My kiddos love graham crackers, so I set out to make a healthier and more affordable version of what we purchase from the store. Sweetened only with coconut sugar, these delicious gluten-free graham crackers will satisfy your cravings without an ounce of guilt!
These Gluten-Free Graham Crackers are:
Crunchy and flavorful.
Super easy to make!
Packed with delicious warming spices and easy to find ingredients.
Gluten-free, dairy-free, vegan, soy-free, nut-free and refined sugar-free.
Tips for making Gluten-Free Graham Crackers:
Due to the unique nature of buckwheat flour, I do not recommend replacing it with anything else.
The coconut oil can be replaced by melted butter, ghee, or olive oil.
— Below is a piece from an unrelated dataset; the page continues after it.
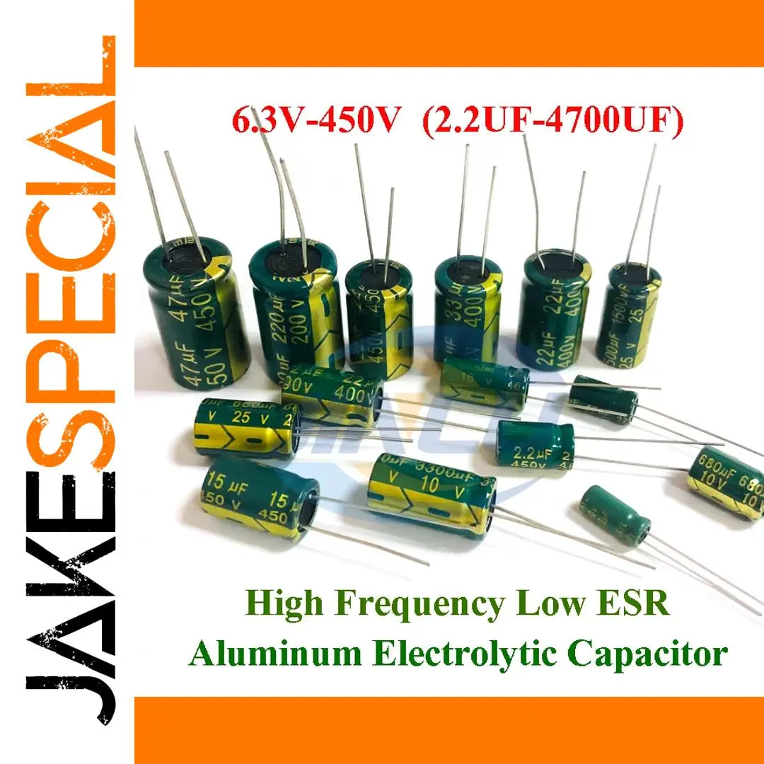 Experience reliable performance with this sleek, green aluminum capacitor designed for a wide range of electronic projects. Its high-frequency, low ESR design ensures excellent stability and efficiency under demanding conditions. With voltage ratings from 6.3V to 400V and capacitance values between 3.3UF and 3300UF, it’s perfect for power filtering, energy storage, or smoothing applications. The through-hole package makes installation straightforward, while its durable construction allows operation at temperatures up to 105°C. This capacitor offers a perfect blend of technical robustness and aesthetic appeal, featuring a glossy green body with clearly printed yellow and black markings for easy identification. Whether in custom circuits or professional repairs, this component delivers consistent, dependable performance.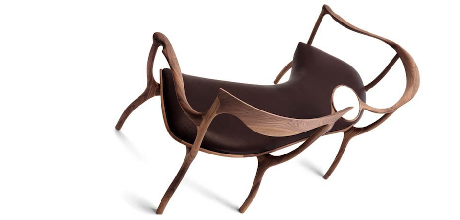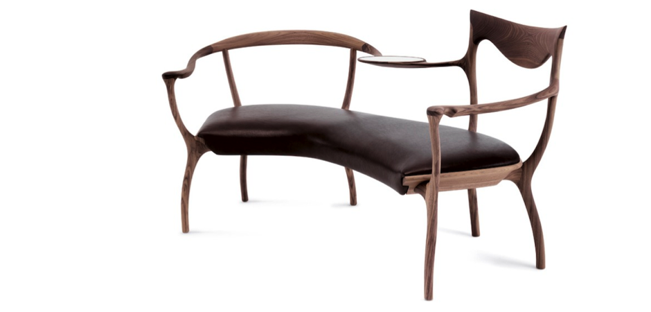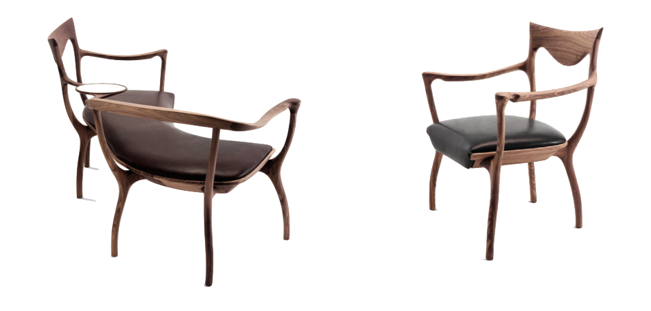 Модель стала гармоничным слиянием двух кресел со спинками разной высоты и миниатюрного журнального столика.

Want to make Sugar-Free Graham Crackers? I like to use this sugar-free sweetener for replacing coconut sugar in baked goods.
Want to make Honey Grahams? Replace the coconut sugar with raw honey.
I do not recommend skipping the refrigeration step, as this is what will make the dough easier to roll out and work with.
I also do not recommend rolling the dough without the use or parchment or wax paper. It is a somewhat sticky dough, and the paper will allow you to roll it out with ease.
You can roll the dough out as thinly or thickly as you would prefer; just keep in mind you may need to cook longer for thicker crackers and for a shorter period of time for thin crackers. Just make sure all is firm, golden and edges are just beginning to brown before removing from the oven.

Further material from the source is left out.